Ногаи пустошили украйны, переплывали Оку, воевали земли коломенские, серпуховские, боровские. На подмосковную Домодедовскую область дерзнули пойти! А тут и свои, голодные ратники, без жалованья сидючи, учали грабить. Тиуны, емцы[58], сбирая ратникам жалованье, грабили тоже. Дума принуждена была отозвать их и на самих тяглецов-крестьян возложила сбор и доставку денег в Москву. Крестьяне оказались честнее тиунов, погрязших в посулах — взятках.
Ограбленные иноземные купцы выговаривали льготы, и государь, боясь лишиться остатков торговых связей, шел на уступки «для иноземцев, для бедности и разорения».
Церковь во все времена умела обращать беды народные в звонкую монету. В тяжкие годы приходы ломились от страждущих. Церковная скарбница жадно пожирала бедняцкие гроши. Церковь не упускала случая отхватить кусок пожирней и от царева пирога. Жалуясь на разоренье от литовских людей, монастыри просили вернуть им льготы старые и подарить новые.
Зорена была Московия многожды, да не пала, не загибла и гордость не утеряла. Напротив того, находила в себе силы обживать и осваивать цинготные, неверстанные сибирские землицы. В бесчисленных бранях выковывался свободолюбивый и гордый русский характер. Национальная гордость русичей восставала всякий раз, когда на горизонте являлась угроза иноземного вмешательства, «…царствующий град Москва и государство наше от воров, от польских и от литовских людей и от наших изменников очистилось… немцам же аглицким, кои было пошли к Архангельскому городу Московскому государству на помочь… повелел отказати: бог очистил и русскими людми».
Как равные среди равных, держали себя с иноземцами русские послы даже в тяжкие для Руси годы.
В Мадриде послов русских без околичностей спрашивали:
— То верно ли, что Москву зорят почасту чужестранцы?
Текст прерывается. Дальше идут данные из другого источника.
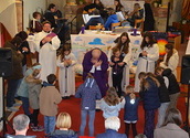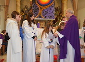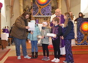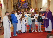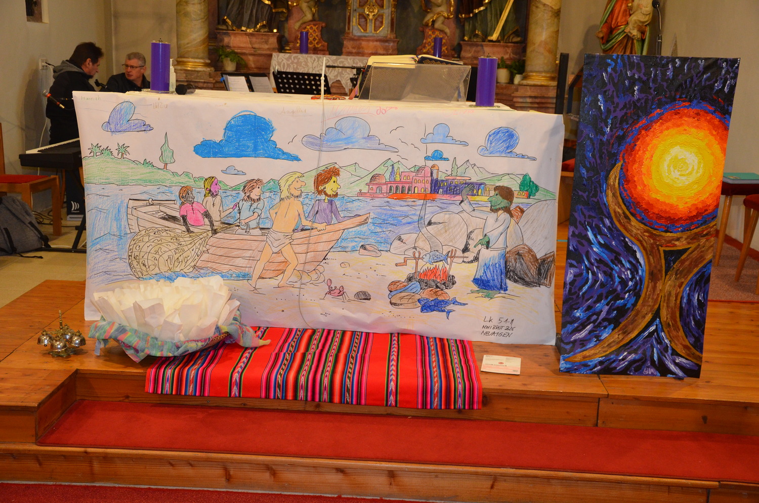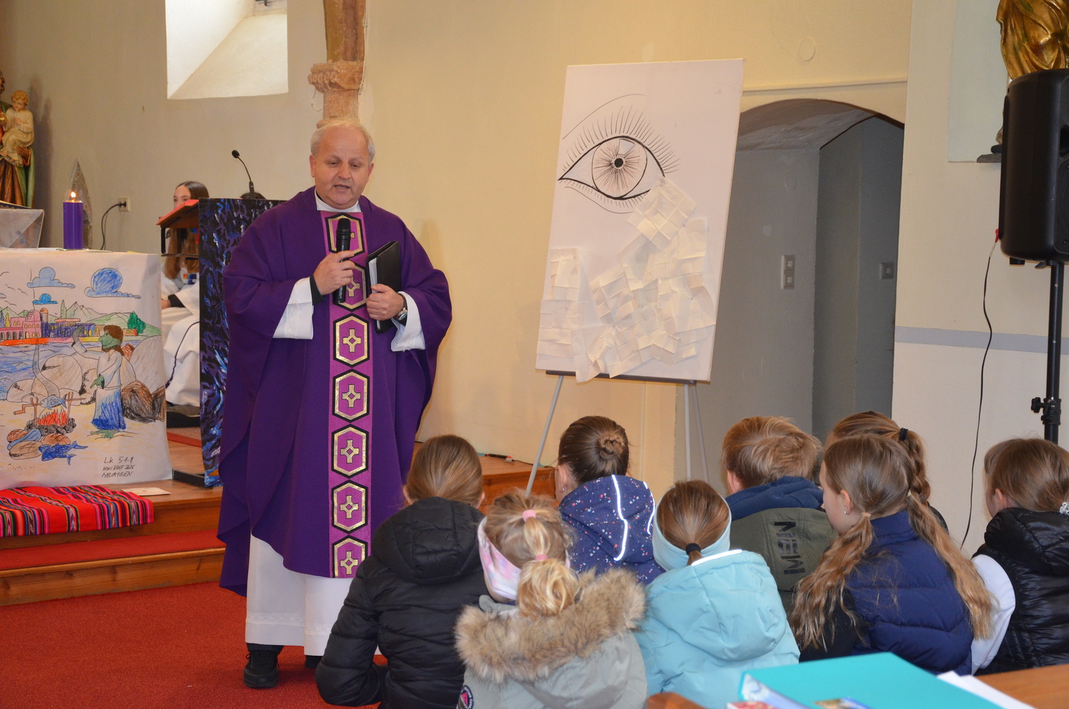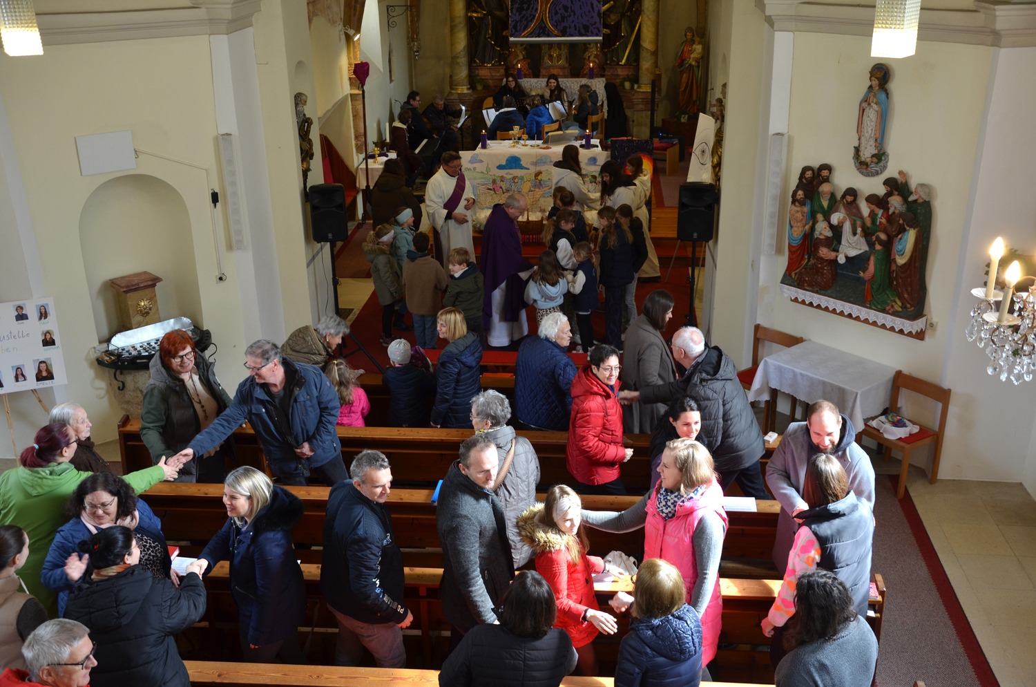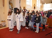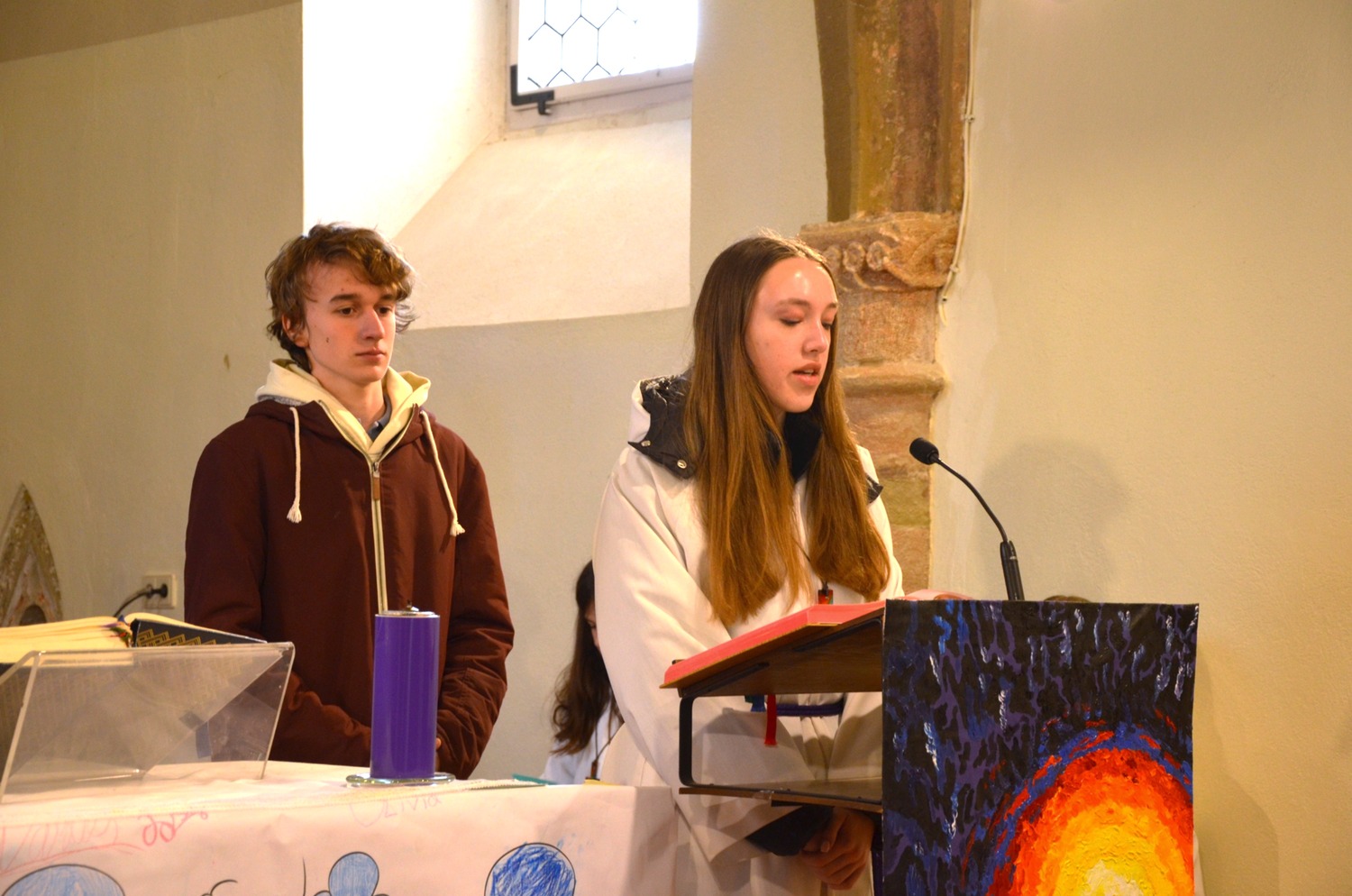 Am Sonntag zelebrierten Pfarrer Liviu Balascuti und Diakon Hans Wachter den „Minibrot“-Gottesdienst. Die jungen Brotbäckerinnen und Caroline Stach lasen Texte und Fürbitten und tanzten im musikalisch von O_M_TSCHI gestalteten Gottesdienst.
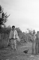 The painter Georgi Danchev from NEM in search of ethnographic materials during fieldwork; village of Vasilovtzi, district of Lom; 1946-1952; taken by N. Nikolov; black-and-white negative with good quality, dirty, scratchy; 24x36 mm; Inventory in Bulgarian language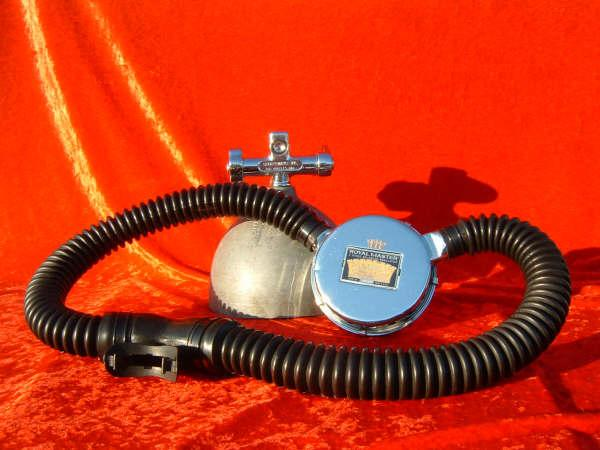 The US Divers Royal Master was only made for about two years (1964 to 1965) and is a must for any vintage scuba diver’s display.  The Royal Master was replaced by the Royal Aquamaster.  This model was delivered to me with a short yoke and a beautiful label.  It is my understanding that all Royal Masters and the first Royal Aquamasters came with short yokes making the use of most banjo fittings impossible.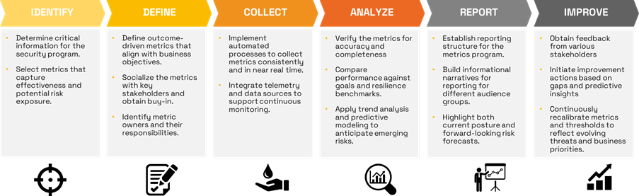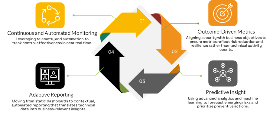 This model aligns with international standards such as ISO/IEC 27004 and NIST SP 800-55 Revision 2, emphasizing that measurement is an ongoing process linking evidence to action. By adopting a dynamic and predictive approach, organizations move beyond compliance-driven reporting to a proactive framework that strengthens resilience and supports strategic decision-making.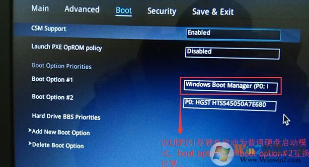 3、继续把boot option#1选项改为普通引导的,boot option#1和boot option#2硬盘启动位置对换,设置第一启动项为普通硬盘引导,带Windwos Boot Manager的为UEFI引导分区;

Послы сдержанно ответствовали:
— Брани случались. Ан всему свету ведомо: на Москву с войною быть — дело неприбыльное. Этто ваши, гишпанские пристани зорят арапы каждогодно. Сами мы, лодьями идучи, ваши зореные морские города зрили и об том печаловались.
Королева испанская готовила на Москву грамоту ответную. Послы и тут свое дело правили: «…чтоб в грамоте, какову шлют с нами на Москву, титлы преименитого Московского государства были писаны сполна». Несчетное число раз переписывала королевская канцелярия грамоту. Но и тут послы недовольны остались: грамота подчищена оказалась. «И нам такой чищеной хартии казать на Москве не доведетца». Грамота переписана в сотый раз, но тут оказывается, что «хотя титульные речи написаны сполна, а не по чину. И вы бы которы слова у вас писаны позади, поставили напереди».
Испанцы объясняли: «Российских титулов гишпанскою речью нельзя перевесть слово в слово, для того, что грамматика не сходствует». Послы упорствовали: «Хоша и не сходствует, но вы для всемирного спокою и тишины и для первого, любительного к вам приезду учините в грамоте по-нашему».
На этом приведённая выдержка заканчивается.